There are two ways to do this I guess. The first is to export the data from
your MS SQLServer database and import it into Greenstone. The other way is
to search your SQL database(s) at runtime (from within Greenstone) and
attempt to combine all the results. The first is easier and would possibly
not require any alterations to Greenstone (though you may need to create a
new plugin for importing the data, depending on the format of what you
export from SQL). The second would require some additions to the Greenstone
runtime code to allow it to query your sql server, etc. That would be quite
a lot of work.

I've been working with Bob Stauffer on the ulukau.org site so let Bob or I
know if you do want to leap into customizing Greenstone for your task and
you'd like some help to do so.

> When retrieving data, can Greenstone determine relevance? Is
> there an algorithm for this?

Yes, Greenstone can rank the results of a search, based on how relevant each
document is to the search terms. I don't pretend to understand the algorithm
well - what follows is the way it was described in a previous post by Gordon
Paynter:

When you do a search for one or more terms, MG [that's the search engine
Greenstone uses] calculates the Term Frequency times Inverse Document
Frequency score for each term. (i.e. the divide the number of times a term
occurs in a document by the number of documents in which it occurs overall,
thus selecting the documents where that term is most relevant and
normalising
across term frequency in the collection.) At this point you know how
"relevant" each document is to each term, and you combine these TFIDF scores
with something called the "Cosine measure" to give an overall relevance
score for each document.

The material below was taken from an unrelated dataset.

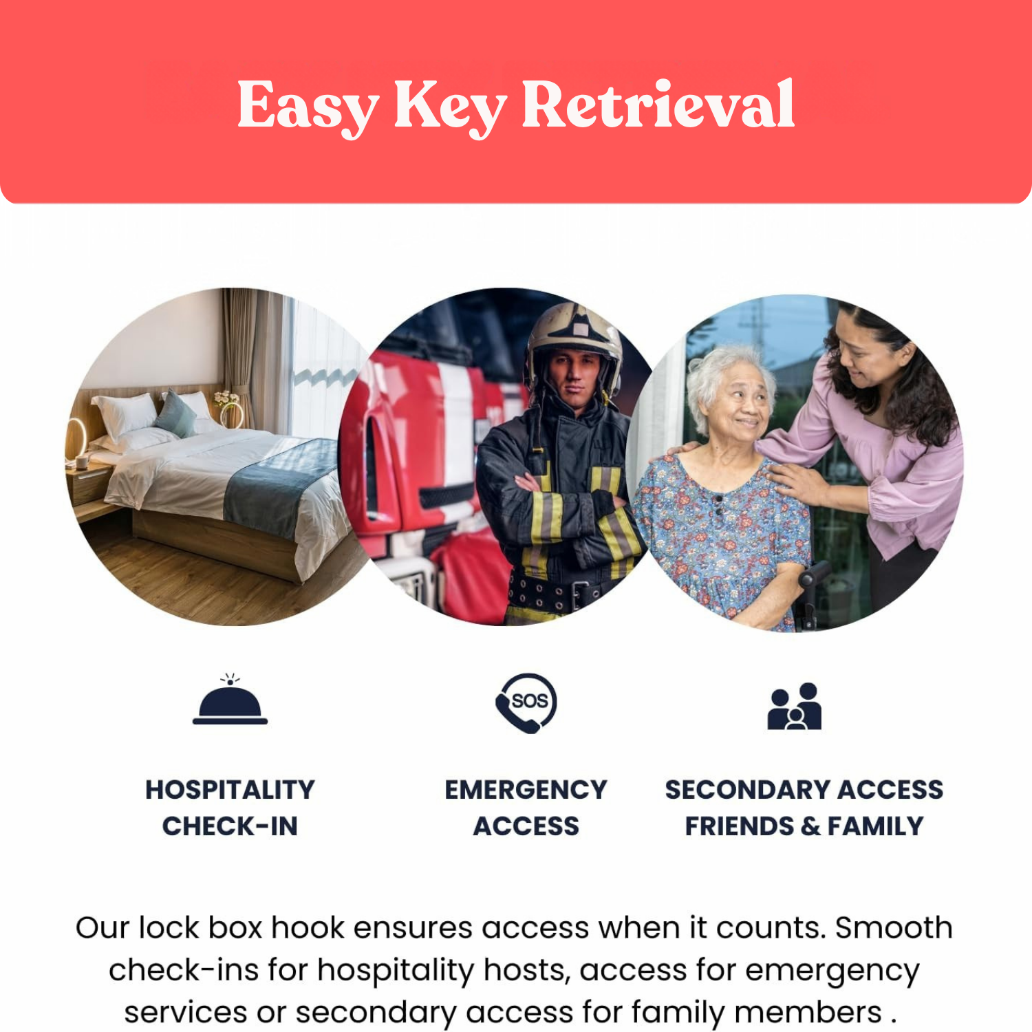 - Emergency Ready Solution: What if the person inside the house has limited mobility and emergency services need to access the house but have no key? What if you have no place to hang a key lockbox? This lockbox bracket is designed for emergency access. This heavy duty, durable lock box door mount offers quick and secure entry during urgent situations.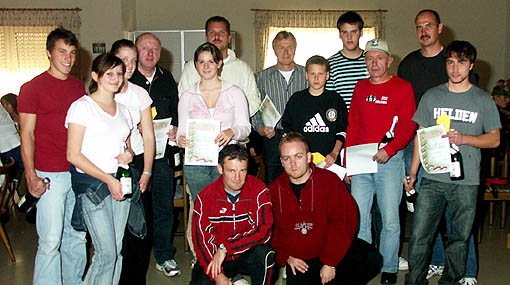 (tb) Heute hatte der TSV Strümpfelbrunn im Rahmen des Waldbrunner Kerwe-Wochenendes zu seinem Fußballturnier für Straßen- und Hobbymannschaften eingeladen. Insgesamt waren es wieder acht Mannschaften, darunter auch eine reine Damenmannschaft, die bei diesem Turnier teilnahmen, welches sich bei schönstem Herbstwetter auch in diesem Jahr einer guten Zuschauerresonanz erfreuen konnte. Bei der Siegerehrung heute Abend dankte der Vorsitzende Ralf Wieland allen teilnehmenden Mannschaften für ihren Einsatz. Das herrliche Herbstwetter habe für optimale äußere Bedingungen gesorgt. Spannende Spiele hatte man sehen können. Alle Spiele seien zudem fair und ohne Verletzungen verlaufen. Der erste Platz ging in diesem Jahr erstmals an die Stuhlmacher, die sich im Endspiel mit 3:1 Toren gegen Mülben durchsetzen konnten. Im Spiel um den dritten Platz gewannen Kicker von der Hahnenfeldstraße, die das Turnier im letzten Jahr für sich entscheiden konnten ebenfalls mit 3:1 Toren, aber im 9-Meter-Schießen, gegen die Mülbener Fichtensteller. Platz fünf ging dann an die Junge Union 1 vor dem Vorjahresfinalisten Steingasse. Die Plätze sieben und acht belegten die Siedlerstraße/Gartenstraße vor der Damenmannschaft der Jungen Union die bei der Siegerehrung einen Sonderapplaus. Als beste Torschützen wurden Thomas Frank und Alexander Blum ausgezeichnet, die jeweils achtmal ins Tor trafen. Abschließend dankte Wieland allen Helfern beim Turnier, insbesondere bei der Turnierleitung Achim Steiner (kniend links) und Marco Kohlbacher (kniend 2. v.l.) und den Schiedsrichtern Jürgen Herhoff, Matthias Steiner und Christian Steiner.

Of course, when you do this for real it's a bit
more complicated, and you have to find the logarithm of a lot of numbers.
But that's all part of the long answer, which you can find in the MG book.

> I'd like to be able to import MARC records (I have yet to decide if
> I'll use MARC or Dublin Core as the base protocol).

Greenstone does have support for importing MARC records so that shouldn't be
too difficult.

> Mahalo for your time and consideration on these questions.

Good luck.

Stefan Boddie